Problem requirements
All lines from the one containing "World Health Organization (2024)" down to the one containing "I also added", both ends included, are to be given again exactly; omit the rest of the listing below.

Data under study

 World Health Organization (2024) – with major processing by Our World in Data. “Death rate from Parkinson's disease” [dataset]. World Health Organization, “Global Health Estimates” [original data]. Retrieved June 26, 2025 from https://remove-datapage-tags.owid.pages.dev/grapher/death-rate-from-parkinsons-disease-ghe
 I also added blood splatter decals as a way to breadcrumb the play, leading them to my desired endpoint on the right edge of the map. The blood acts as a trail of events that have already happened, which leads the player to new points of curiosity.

---

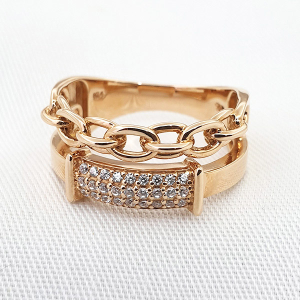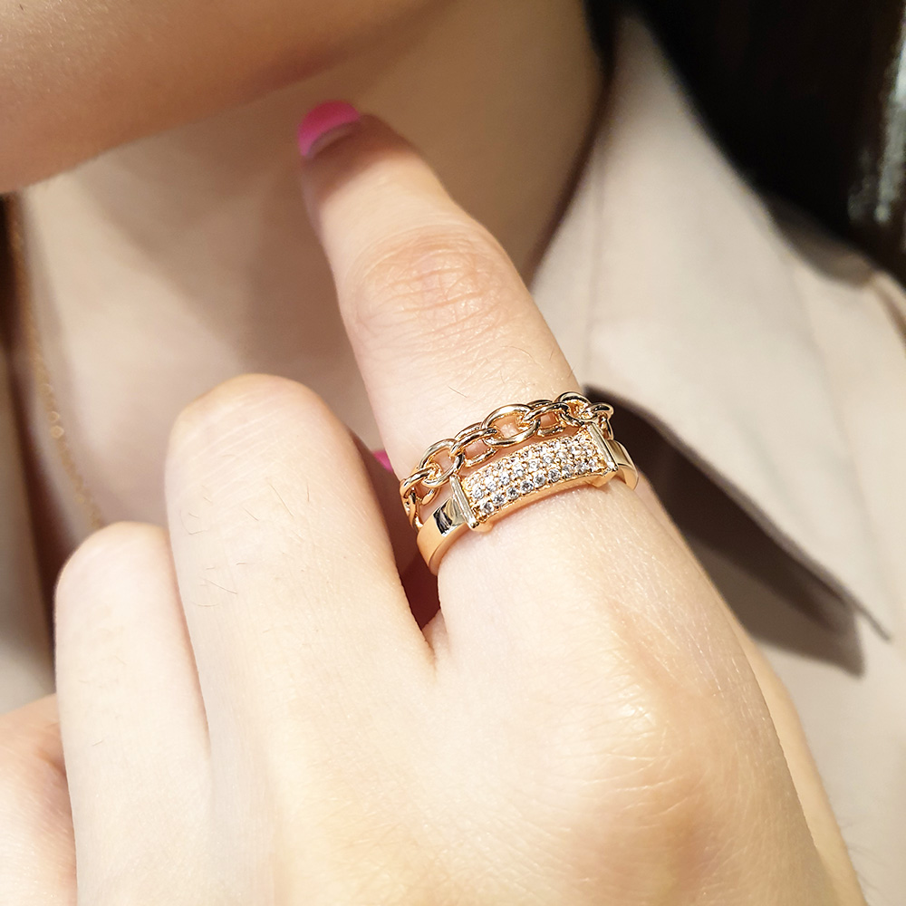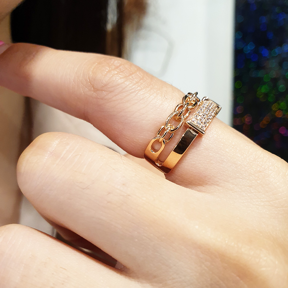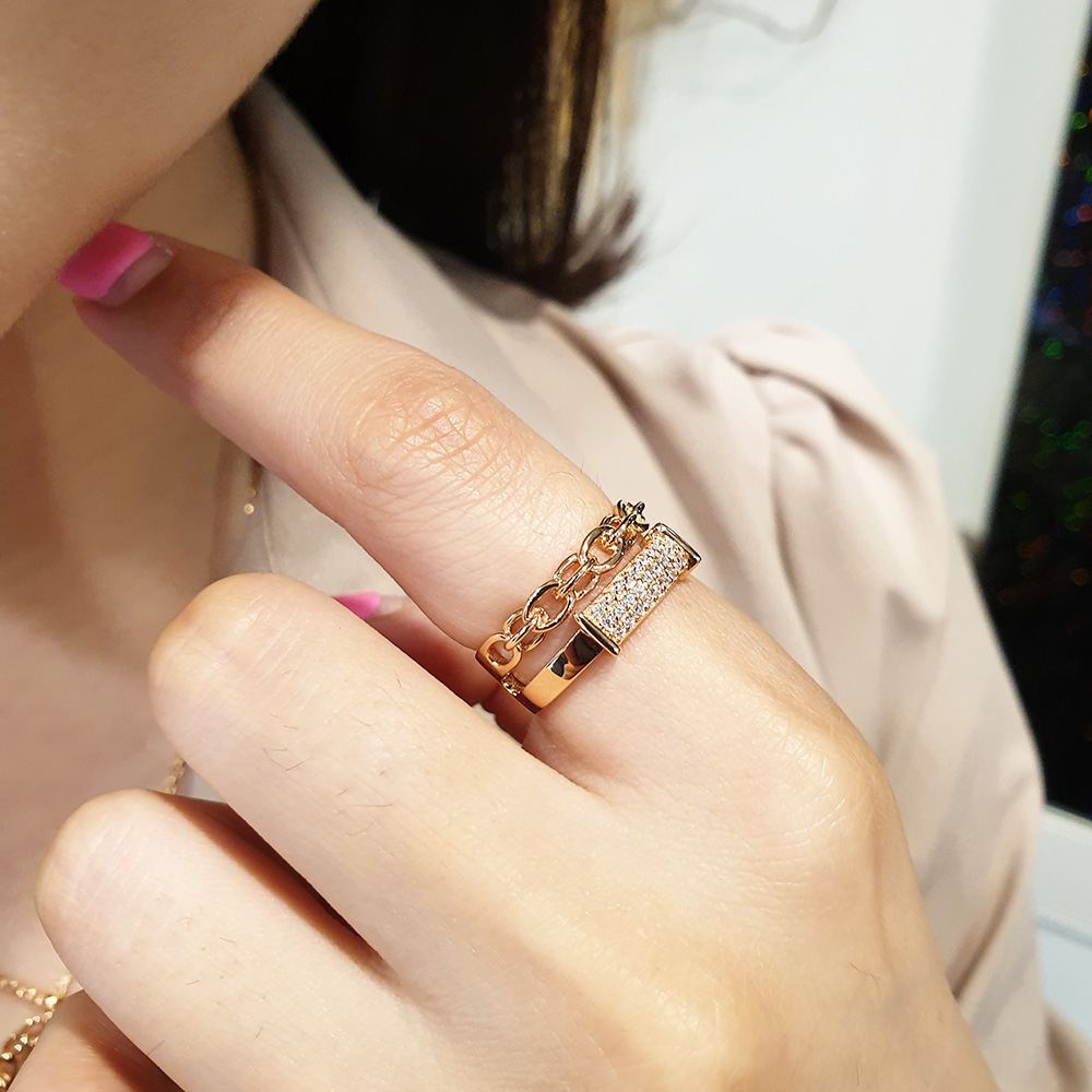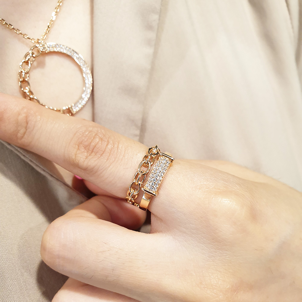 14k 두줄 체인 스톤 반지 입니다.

--

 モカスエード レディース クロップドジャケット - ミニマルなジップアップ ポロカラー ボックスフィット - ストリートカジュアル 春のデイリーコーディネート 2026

Exercise result
 World Health Organization (2024) – with major processing by Our World in Data. “Death rate from Parkinson's disease” [dataset]. World Health Organization, “Global Health Estimates” [original data]. Retrieved June 26, 2025 from https://remove-datapage-tags.owid.pages.dev/grapher/death-rate-from-parkinsons-disease-ghe
 I also added blood splatter decals as a way to breadcrumb the play, leading them to my desired endpoint on the right edge of the map. The blood acts as a trail of events that have already happened, which leads the player to new points of curiosity.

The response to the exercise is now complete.